We visited from June 30 – July 8, and I am still basking in the afterglow of having traveled with 20 amazing writers, librarians and teachers (and their children or partners) who care about reading, writing and the transformative power of education.
I was thrilled to read to these preschool students in Wamunyu, Kenya
I traveled with award-winning authors Kwame Alexander (right) and Jerry Craft (left)
Our U.S. group of authors, teachers, librarians, and the friends and family who accompanied us to Kenya.
It was an honor to nurture these gifts in the several hundred school children our group met through the nonprofit Kenya Connect, which serves students and families in 60-plus rural schools, and to meet with librarians and teachers to brainstorm next-level ways to engage these young learners and parents.
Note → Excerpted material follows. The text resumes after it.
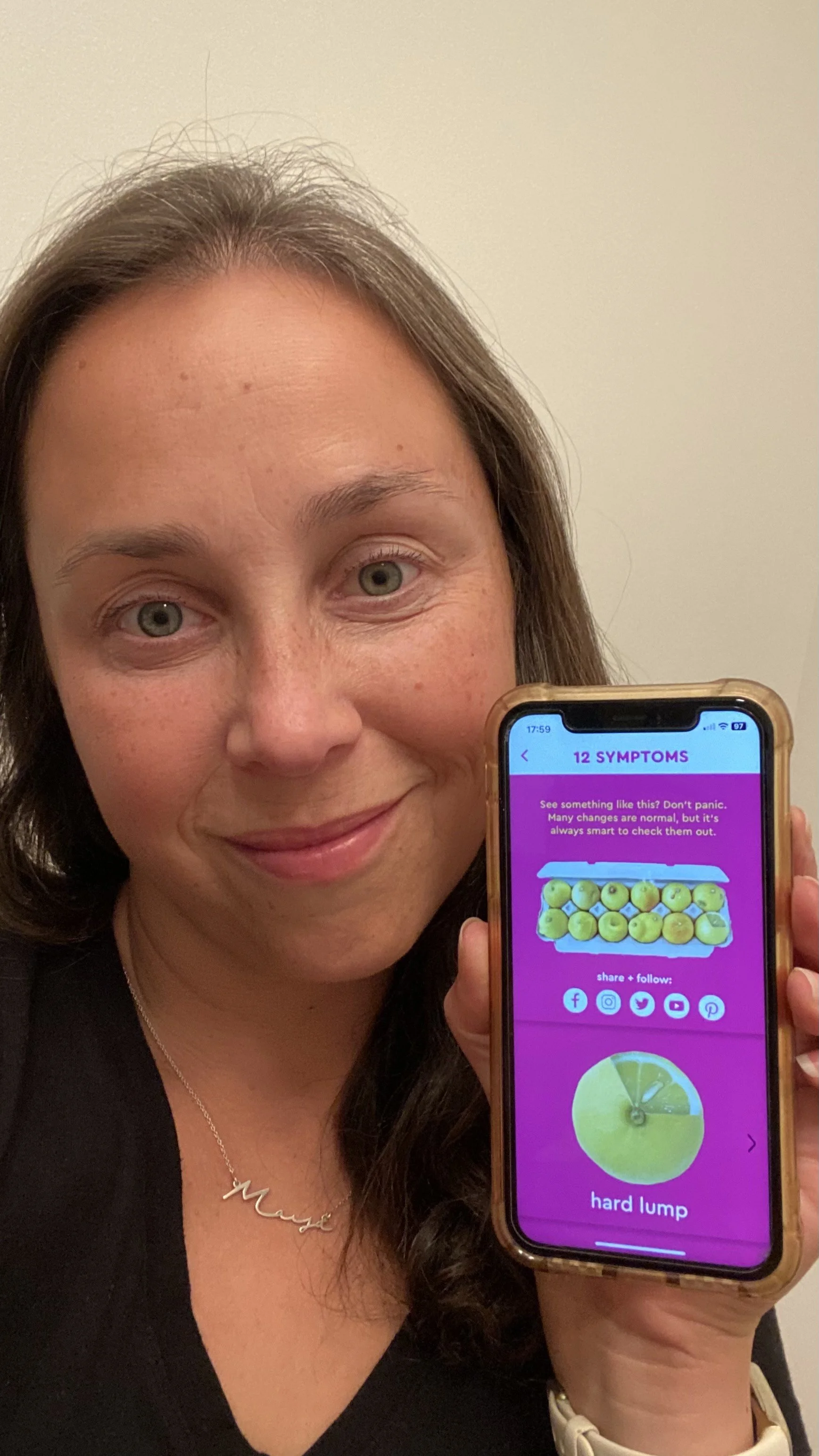 I first came across Know Your Lemons organization by browsing internet, on Instagram, and I found it really, really helpful and I wish that I had seen it years ago and recognized some signs of breast cancer. Mine was a lump that I found myself, but it was slightly warm and reddish. So that was one of the signs that's mentioned on the 12 signs chart. I wish I had the app sooner, that would have prompted me to do regular monthly breast exams, which up until my diagnosis, I didn't do that often at all, as my surgeon said almost two-centimeter growth doesn't happen overnight. So my tumor must have taken years to develop. If I had been doing the checkups regularly, it might have been caught earlier, it might have not needed as extensive treatment. So what I take from this is, please advocate for yourself. Please do your checkups. Early detection saves lives. So if you don't have the app already, please download Know Your Lemons. Follow the very easy instructions on how to best do your breast exams, and make sure you know what's normal for you, so in case something does come up, that might not seem as normal you know how to act straight away.

My takeaways from this trip?
There are many! I’m still processing the life lessons, and my creative juices are flowing, but here are a few immediate nuggets:
1. Be present in each moment.
Getting an opportunity to dance with village women one day and members of the Maasai tribe on another;
inspire schoolchildren,
sign and giveaway copies of my books,
wake up to the sounds of hippos and elephants grazing near my glammed-up tent, see those and numerous other animals in their natural habitat (including a leopard and cheetah and hundreds of zebra migrating to Maasai Mara) while bonding with my amazing fellow travelers? Priceless and Unforgettable.
2 Don’t postpone joy.
When you can, say yes to opportunities and experiences and delight yourself in something new. You may not be able to travel the globe, yet there are other ways you can expand your mind, give back and grow.
3. Find inspiration all around you.
The proverbial icing on this experience for me was sitting at dinner one evening listening to Kwame and his dear friend and fellow New York Times bestselling author Jerry Craft trade ideas based on our adventures, while I independently brainstormed new threads for my novel-in-progress.
These two authors and the other writers in our group offered one another helpful doses of motivation to keep going, dream bigger and celebrate our stories as well as those of the people we encountered.
Ultimately, the sharing and educating that occurred during this trip were mutually enriching. May we Americans have left our friends in Africa as full of the hope and appreciation for collaboration that they gifted to us.
I loved reading to these attentive students!
This sweet girl clung to me and the delight was mutual!
I gifted a copy of my women’s fiction novel The Someday List to Nada!
Esther, the librarian for Kenya Connect, was delighted to receive a copy of Watercolored Pearls.
I bought many baskets from village women in rural Kenya, including the one made by Elizabeth, which she is holding.
Preparing to leave Nairobi for the Massai Mara desert.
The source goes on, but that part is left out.